I don't use the app for Facebook, since a browser gives a lot more control (on
things like blocking ads, trackers, and still having messenger in the same
tab). Sometimes I use mbasic.facebook.com from the browser for a messenger-
integrated experience, but it's somewhat painful in certain ways.

------
jms703
I don’t understand these kinds of articles. I left Facebook two years ago. My
mobile phone battery life has improved.

------
627467
About 2 years ago I decided to "stay" on facebook on new terms: my interaction
with it was reduced to checking messenger less than once a week (I have
messenger lite installed and notifications turned off) and login into its
mobile page around once a month to check for any _important_ @mentions or
photos people may have posted of me.
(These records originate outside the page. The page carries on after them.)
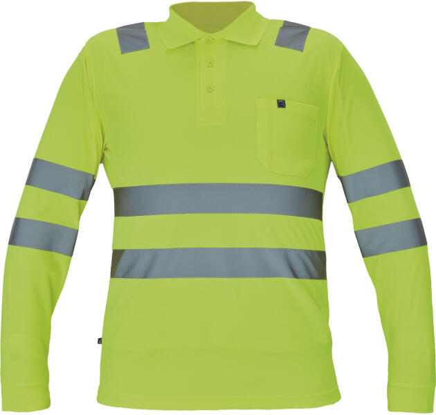 Hi-Vis hosszú ujjú póló 5 cm széles fényvisszavető csíkokkal 3 gombbal záródó nyakkivágás rugalmas mandzsetta 1 mellzseb
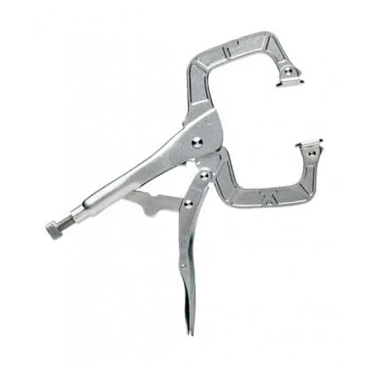 C-clamps have large throats to easily fit over awkward project pieces. A locking C-clamp also locks-down tight, and adjusts with a turn screw to produce just the right amount of clamping force; retains that adjustment for repetitive tasks. Trigger release lets you remove it quickly when its work is done. Swivel pads help give you a secure grip on tapered pieces and delicate projects without marring your work surface. Crafted of heat-treated alloy steel for a long working life.
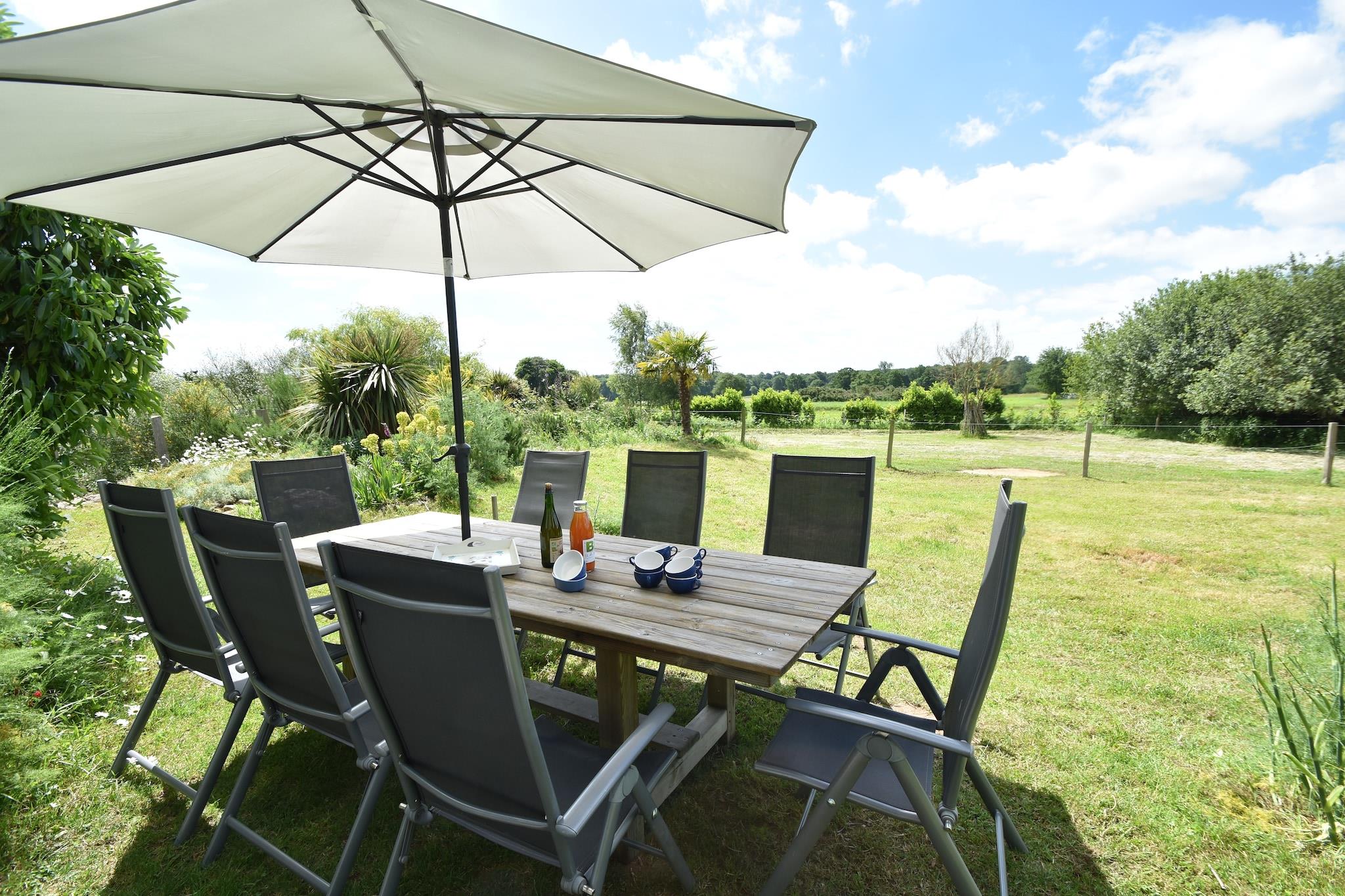Entfliehen Sie dem Alltag in Les Volets Bleus, einem charmanten Ferienhaus inmitten der friedlichen Landschaft von Baguer-Morvan. Stilvoll und komfortabel eingerichtet und großzügig geschnitten, ist es ideal für Familien oder Freunde, die einen erholsamen Urlaub verbringen möchten. Das Haus bietet absolute Privatsphäre ohne direkte Nachbarn und verfügt über einen Aufenthaltsraum mit Tischtennisplatte sowie einen wunderschön angelegten Garten zum Entspannen im Freien. Baguer-Morvan liegt nur 7 km von der Bucht des Mont-Saint-Michel und 30 km südöstlich von Saint-Malo entfernt und ist somit ein idealer Ausgangspunkt für Ausflüge zu einigen der bekanntesten Reiseziele der Bretagne. Erkunden Sie die historischen Gassen von Dol-de-Bretagne, unternehmen Sie eine Fahrt mit dem Strandsegelboot in Cherrueix oder besuchen Sie das Fischerdorf Cancale. Für Familienausflüge bietet sich der Coba Park an, der nur 10 km entfernt liegt, und der legendäre Mont-Saint-Michel ist mit 40 km Entfernung ein absolutes Muss. Ob Sie durch bretonische Dörfer schlendern, frische Meeresfrüchte genießen oder einfach im Garten entspannen – Les Volets Bleus bietet Ihnen einen ruhigen Ausgangspunkt, um die Schönheit und Kultur Nordfrankreichs zu erleben. Bitte beachten Sie: Eine Kaution in Höhe von 175 EURO ist erforderlich. Diese kann vor Ort bezahlt oder im Voraus überwiesen werden. Die Kosten für Strom und Wasser werden von dieser Kaution abgezogen. Der verbleibende Betrag wird bei der Abreise zurückerstattet, sofern keine Schäden festgestellt wurden. Maximal ein Haustier ist gegen eine Gebühr von 15 EURO erlaubt.
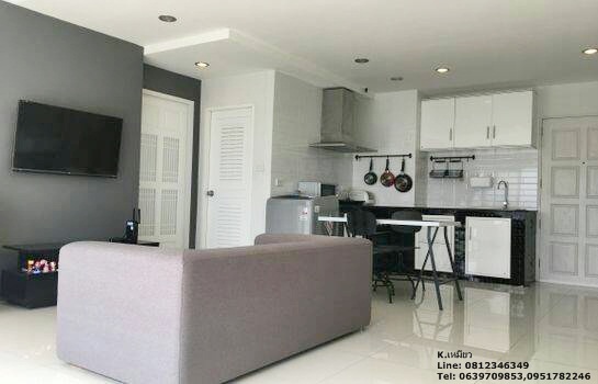 พื้นที่ 1 ห้องรับแขก (แบ่งเป็นห้องนอนเล็กได้ ) โซฟา ตู้เก็บของ ทีวีจอ LED และแอร์คอนดิชั่น

I also have facebook cookies blocked.
Everyone on facebook who needs to contact me urgently or more directly knows
of alternative ways to do so.

I do feel strongly that facebook as a tool has evolved to become more toxic
than beneficial. I don't think being worked up against it will solve anything
so I find that my ignoring it is way more useful in the long term and trying
to leave and having to decide what to keep, who to notify, etc. From my
perspective facebook can very well become slowly irrelevant and now one will
care.

------
tomglynch
The issue here is facebook has critical mass and another site needs to gain
critical mass to unseat facebook. It's possible but difficult, especially as
facebook buys out any other social media service with large numbers of users.

Facebook knows that a competitor could pivot to replace facebook, so they
purchase the others.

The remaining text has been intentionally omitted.